Used goods

I once prayed “Father, use me for Your will.” When I say “once,” what I really mean is that I did not understand exactly what I was asking for when I first prayed that prayer.

Most of us would like to do something great for God. We have those dreams of leading thousands at a time to Christ or performing amazing miracles which lead many to investigate the claims of the Gospel message. Some of us want to write that devotional, Bible study curriculum, or song that changes the way people think about God.

We take Ephesians 2:10, “For we are God’s workmanship, created in Christ Jesus to do good works, which God prepared in advance for us to do,” and use it as evidence that we are to do great things.

I must point out that it merely says “to do good works” (and is also referring to our inability to gain God’s favor or salvation through works, but only by God’s grace). Jesus told us to do good works, as well.

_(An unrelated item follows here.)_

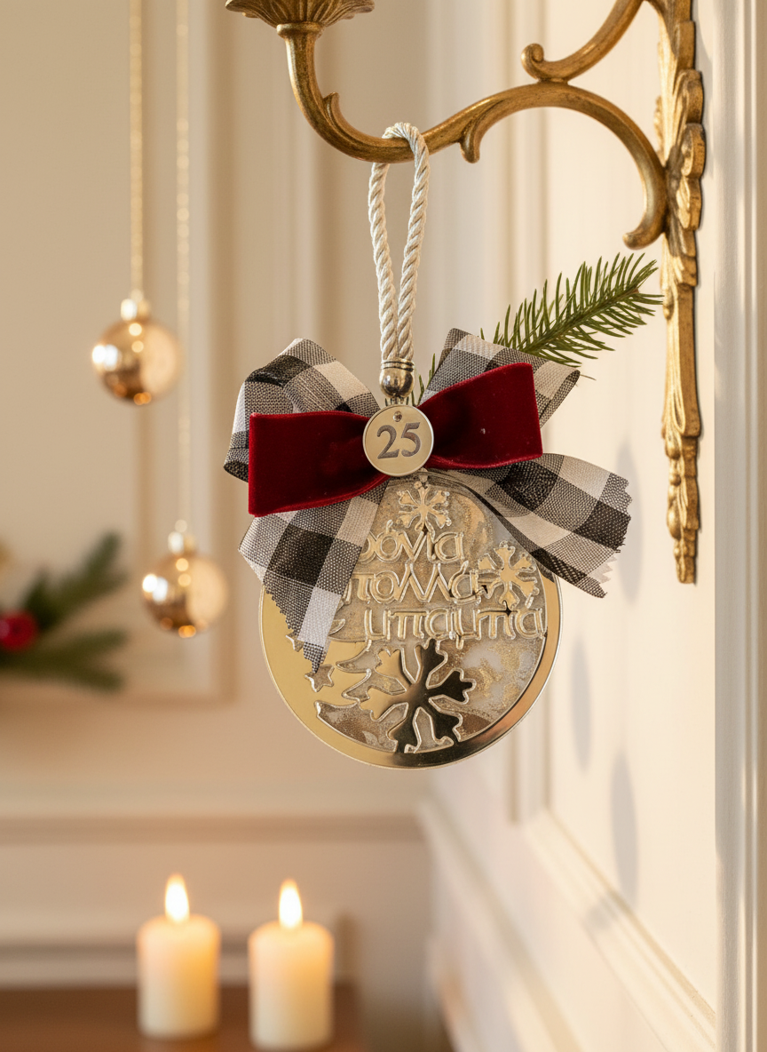 Χειροποίητο κρεμαστό γούρι με σατέν κορδόνι, διπλό φιόγκος με καρό και βελούδινη κορδέλα, μοτίφ με χάραξη 26 και στοχείο από πλεξιγκλάς ασημί καθρέφτη με χάραξη Χρόνια πολλά Μπαμπά.

“You are the salt of the earth. But if the salt loses its saltiness, how can it be made salty again? It is no longer good for anything, except to be thrown out and trampled by men.

“You are the light of the world. A city on a hill cannot be hidden. Neither do people light a lamp and put it under a bowl. Instead they put it on its stand, and it gives light to everyone in the house. In the same way, let your light shine before men, that they may see your good deeds and praise your Father in heaven.

Matthew 5:13-16

We must remember, however, that on our own “all our righteous acts are like filthy rags” (Isaiah 64:6), which means our good works are worthless. It is only when we are used by God that our works mean anything, are in fact “good.”

“Therefore, my dear friends, as you have always obeyed—not only in my presence, but now much more in my absence—continue to work out your salvation with fear and trembling, for it is God who works in you to will and to act according to his good purpose.”

Philippians 2:12-13

 My simple prayer led me through many trials and tests. I was forced in many ways to re-examine all that I believe and think.

What have I learned?

Two things:
1) That I still have a lot to learn!
2) While we may be able to do things with good intentions, we can only truly do good things when used by God.

When we are God’s “used goods,” He will use us to accomplish His will, not only for us individually but for the all of Creation. We must remember that much of the time this means our good works may be doing the dishes, paying bills, and helping our neighbor. Sometimes it means scrubbing toilets, washing people, and feeding mean-spirited, smelly hungry people. Sometimes it means sharing the Gospel, preaching the Gospel, and leading ministries.

We must be open to God to know what to do. We must remember that much of our being used by God means faithfully living our lives in the day-t0-day routines of life. It also means faithfully following His leading if and when He uses us for “the greater things.”